It looked to me like the default target wide charset is UTF-32 if you 
don't pick one explicitly.  Since the test as currently written doesn't, 
the patterns the .exp file is trying to match must assume the default 
target wide charset, and not some other wide charset that might happen 
to be supported.

If I'm confused and the default charset might not always be UTF-32 if 
ICONV is present, how about changing the testcase to bail if it sees the 
default wide charset is ISO-8859-1?  That means either ICONV is not 
present or GDB's default is otherwise wrongly configured.

-Sandra
Eli Zaretskii Sept. 17, 2015, 5:59 a.m. UTC | #5
> Date: Wed, 16 Sep 2015 23:16:37 -0600
> From: Sandra Loosemore <sandra@codesourcery.com>
> CC: <gdb-patches@sourceware.org>
> 
> If I'm confused and the default charset might not always be UTF-32 if 
> ICONV is present, how about changing the testcase to bail if it sees the 
> default wide charset is ISO-8859-1?  That means either ICONV is not 
> present or GDB's default is otherwise wrongly configured.

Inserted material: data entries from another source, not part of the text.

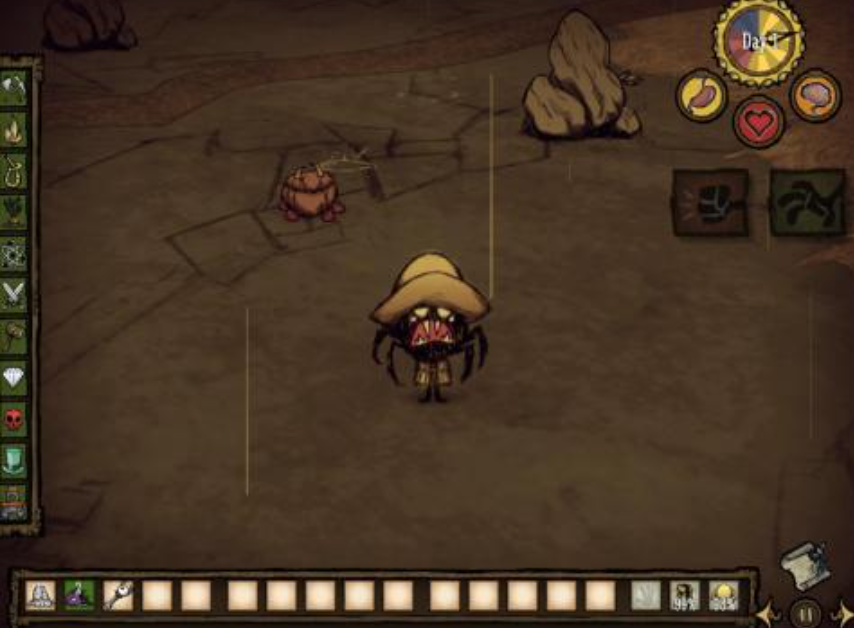 这是一款画风偏卡通类的生存类游戏,“生存”就是整个游戏的主线。玩家需要时刻注意自己的饥饿值、生命值还有精神值,饥饿值可以通过收集浆果、打猎去维持,精神值过低玩家就很有可能受到可怕的怪物袭击,所以就需要通过摘花、和友好生物相处来恢复自己的精神值。在每一局游戏中,玩家们都会被随机到不同的地图,有可能附近就会有类似洞穴、遗迹等特殊地区等待着玩家们去探索,除了地图随机之外,不同的环境也会随机不同的特殊事件,比如冬季就要小心河水结冰,夏季就要小心树木自燃......整个游戏的随机性非常强,游戏难度不低。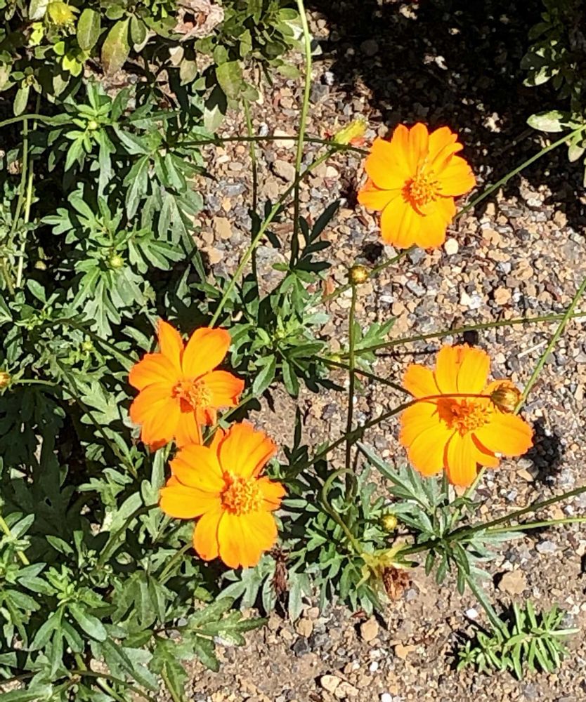 鮮やかな色で目立つように咲いていた花。『キバナコスモス』さん。黄色いというより『オレンジ🧡』でした。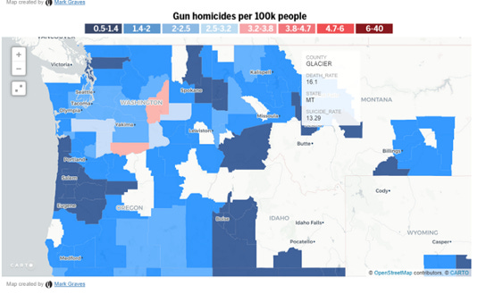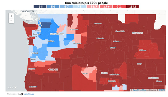 Washington State has generally low homicide rates and suicide rates, outside of a stretch along the Pacific coast. But anyone who’s driven through Washington State knows that the character of the land, and the people, shifts around Spokane and starts to align more with the sorts of folks you meet in Idaho, Montana, and Wyoming. Here gun homicides start to drop and approach zero, while suicides jump into the highest per-capita category. The exact same effects can be seen when you finish your drive eastward and land in Minnesota and the Great Lakes states: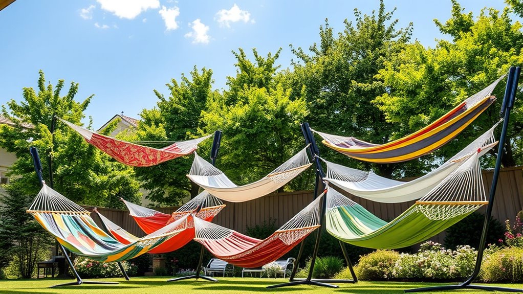 Just like Huck and Jim found their peaceful escape on the river, finding the perfect outdoor hammock with stand can transform your backyard into a personal retreat. Whether you crave solitude or shared comfort, these options promise relaxation and convenience. Remember, the right hammock isn’t just furniture—it’s your own little island of tranquility amid life’s chaos. So go ahead, pick one and let your worries drift away, just like a leaf on a gentle stream.
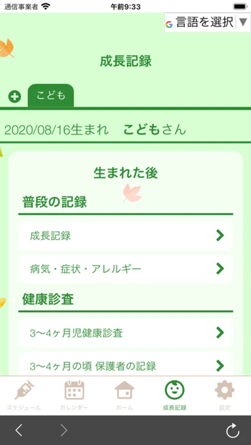 成長の記録/医療機関検索/休日診療/子育て情報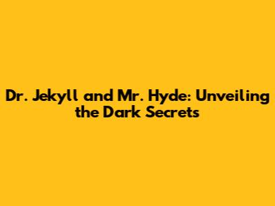 Dr. Jekyll And Mr. Hyde: Unveiling The Dark Secrets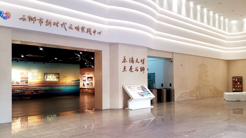 序厅设有导览图,介绍中心一楼主体区域的追梦、铸魂、践行、崇德等五个篇章,二楼以上功能室及左右配套建设的书香狮城驿站和科普馆。同时,序厅展示了石狮市新时代文明实践中心原创logo。序厅左右两侧,介绍了石狮的地理标志:(1)用“砖雕”形式展示姑嫂塔,石狮姑嫂塔是宋元时期泉州港的海上航标,放在这里象征着文明实践中心在文明创建中有引领、导航的作用。(2)在“出砖入石”墙壁上用3D影像技术对石狮凤里老街的隋代石狮子进行了还原。当时,“石狮子”所在的地方是通往泉州府的官道,人们往往相约在此前往泉州经商办事,久而久之“石狮”就成为地名,石狮人经商、诚信的城市基因也发源于此。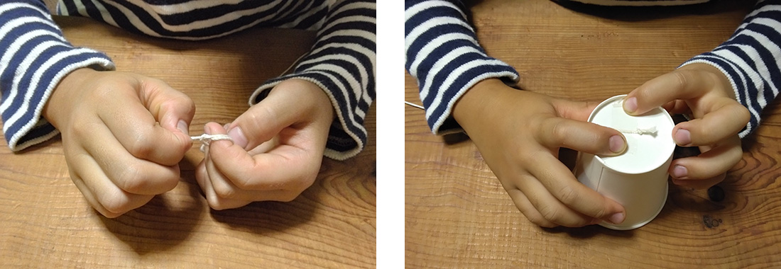 1.ひもの先を玉結びしたら、紙コップの底にセロハンテープで貼りつけます。

If the test makes no sense without ICONV, I think it indeed will be
better to skip it.
Doug Evans Sept. 18, 2015, 4:36 a.m. UTC | #6
Eli Zaretskii <eliz@gnu.org> writes:
>> From: Doug Evans <xdje42@gmail.com>
>> Cc: gdb-patches <gdb-patches@sourceware.org>
>> Date: Wed, 16 Sep 2015 21:30:46 -0700
>> 
>> #undef GDB_DEFAULT_HOST_CHARSET
>> #define GDB_DEFAULT_HOST_CHARSET "ISO-8859-1"
>> #define GDB_DEFAULT_TARGET_CHARSET "ISO-8859-1"
>> #define GDB_DEFAULT_TARGET_WIDE_CHARSET "ISO-8859-1" <<<<
>> 
>> How reasonable is it to enhance the PHONY_ICONV support so that
>> it handles this better?
>
> You mean, have functions like strlen and strcat handle 32-bit wchar_t
> strings?  Not reasonable.

Yikes. No, I didn't mean that. :-)
I meant have the PHONY_ICONV case use a better value for
GDB_DEFAULT_TARGET_WIDE_CHARSET.

>> I see it already tries to provide some minimal functionality:
>> 
>> static iconv_t
>> phony_iconv_open (const char *to, const char *from)
>> {
>>   /* We allow conversions from UTF-32BE, wchar_t, and the host charset.
>>      We allow conversions to wchar_t and the host charset.  */
>>   if (strcmp (from, "UTF-32BE") && strcmp (from, "wchar_t")
>>       && strcmp (from, GDB_DEFAULT_HOST_CHARSET))
>>     return -1;
>>   if (strcmp (to, "wchar_t") && strcmp (to, GDB_DEFAULT_HOST_CHARSET))
>>     return -1;
>> 
>>   /* Return 1 if we are converting from UTF-32BE, 0 otherwise.  This is
>>      used as a flag in calls to iconv.  */
>>   return !strcmp (from, "UTF-32BE");
>> }
>> 
>> I don't know, off hand, why big endian is supported and not little endian.
>
> Supported by whom?

By PHONY_ICONV.
[which is more of a minimal iconv than a phony iconv, but whatever]
Doug Evans Sept. 18, 2015, 4:40 a.m. UTC | #7
Eli Zaretskii <eliz@gnu.org> writes:
>> Date: Wed, 16 Sep 2015 21:24:13 -0600
>> From: Sandra Loosemore <sandra@codesourcery.com>
>> 
>> If GDB is configured without ICONV support, the target wide charset 
>> defaults to "ISO-8859-1" (which isn't even a wide charset), and all the 
>> wide strings in this test print as gibberish.  Otherwise, GDB seems to 
>> think the default is "auto; currently UTF-32", so let's make the 
>> dependency on UTF-32 explicit here and bail out if it's not available.
>
> Why UTF-32, hard-coded?  Why not allow also UTF-16, for example?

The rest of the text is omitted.